[[ SOURCE MATERIAL open ]]
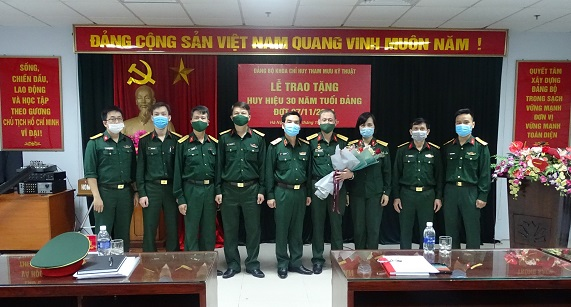 Được sự nhất trí của Thường vụ Đảng ủy Học viện, sáng 04/11/2021, Đảng bộ Khoa Chỉ huy Tham mưu kỹ thuật (CHTMKT) đã trang trọng tổ chức Lễ trao tặng Huy hiệu 30 năm tuổi Đảng cho Đại tá Nguyễn Phú Vinh – Đảng viên Chi bộ Bộ môn Bảo đảm Thông tin và Cơ yếu (BĐTT&CY). Tham dự buổi Lễ có Thiếu tướng Lê Minh Thái – Ủy viên Thường vụ, Phó Giám đốc Học viện; các đồng chí trong Đảng ủy, chỉ huy Khoa CHTMKT cùng toàn thể đảng viên trong Đảng bộ.
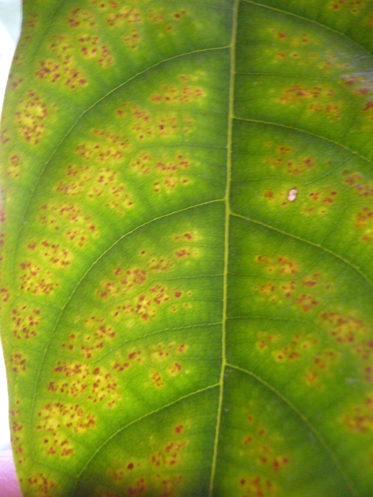 Begonnen hat es mit eisenmangelmäßigen Entfärbungen. Daraufhin habe ich die Pflanzen mit Lapacho-Tee gegossen und im Abstand von gut einer Woche zwei Mal mit "Grünpflanzendünger" gedüngt, einmal in normaler, einmal in halber Konzentration. Umgetopft hab ich sie auch, schon vor Wochen. Die Färbung ging nicht zurück. Dann kamen die Flecken. Beides zeigen alle drei Jacks; stehen direkt nebeneinander.
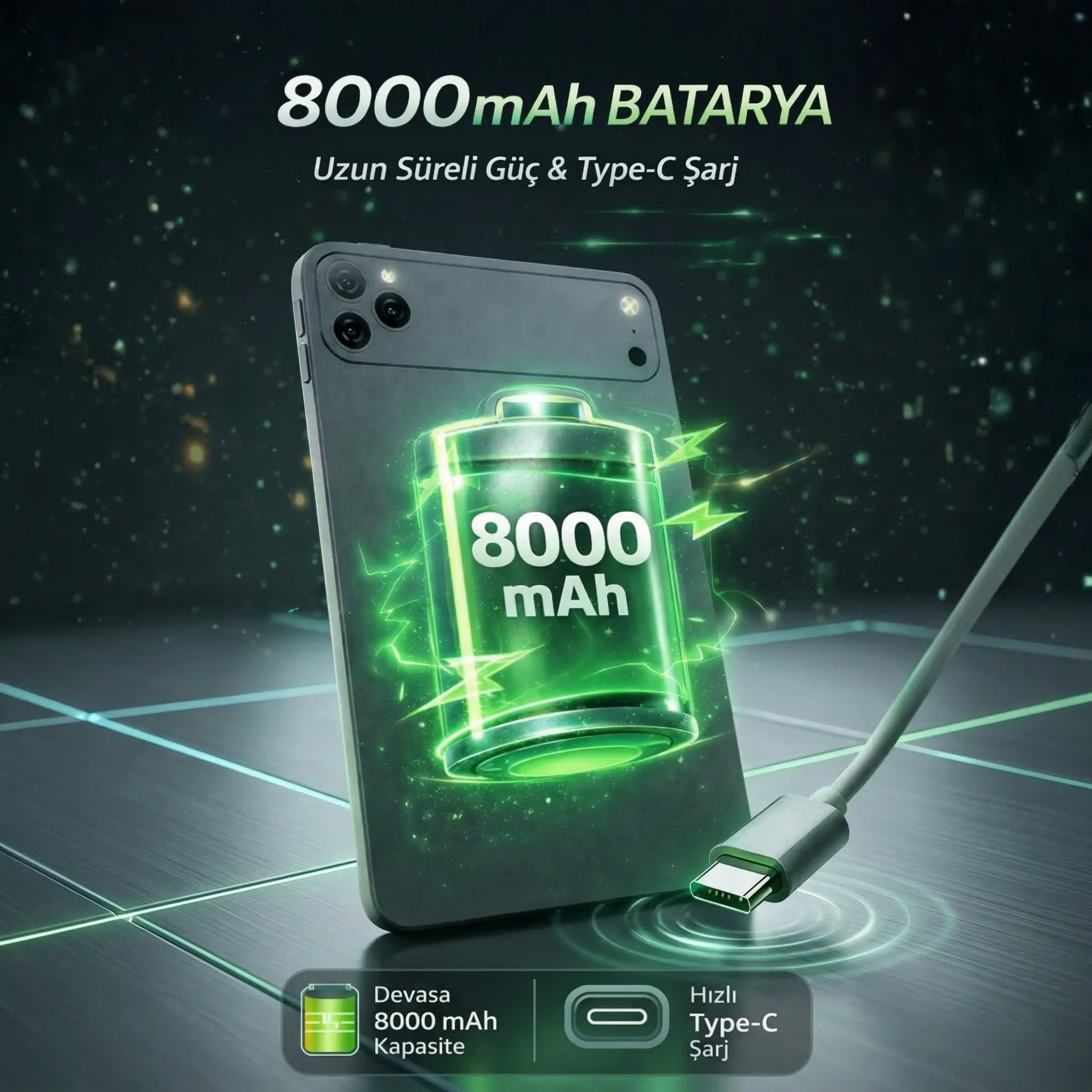 Güçlü bataryası sayesinde uzun süre şarj ihtiyacı duymadan tabletinizi kullanabilirsiniz. Seyahatlerde, okulda veya günlük kullanımda kesintisiz deneyim sağlar.
[[ SOURCE MATERIAL closed ]]
→ EXERCISE OBJECTIVE:
The expected output is the full material above, unaltered, with pictures removed.

→ YOUR SOLUTION:
 Được sự nhất trí của Thường vụ Đảng ủy Học viện, sáng 04/11/2021, Đảng bộ Khoa Chỉ huy Tham mưu kỹ thuật (CHTMKT) đã trang trọng tổ chức Lễ trao tặng Huy hiệu 30 năm tuổi Đảng cho Đại tá Nguyễn Phú Vinh – Đảng viên Chi bộ Bộ môn Bảo đảm Thông tin và Cơ yếu (BĐTT&CY). Tham dự buổi Lễ có Thiếu tướng Lê Minh Thái – Ủy viên Thường vụ, Phó Giám đốc Học viện; các đồng chí trong Đảng ủy, chỉ huy Khoa CHTMKT cùng toàn thể đảng viên trong Đảng bộ.
 Begonnen hat es mit eisenmangelmäßigen Entfärbungen. Daraufhin habe ich die Pflanzen mit Lapacho-Tee gegossen und im Abstand von gut einer Woche zwei Mal mit "Grünpflanzendünger" gedüngt, einmal in normaler, einmal in halber Konzentration. Umgetopft hab ich sie auch, schon vor Wochen. Die Färbung ging nicht zurück. Dann kamen die Flecken. Beides zeigen alle drei Jacks; stehen direkt nebeneinander.
 Güçlü bataryası sayesinde uzun süre şarj ihtiyacı duymadan tabletinizi kullanabilirsiniz. Seyahatlerde, okulda veya günlük kullanımda kesintisiz deneyim sağlar.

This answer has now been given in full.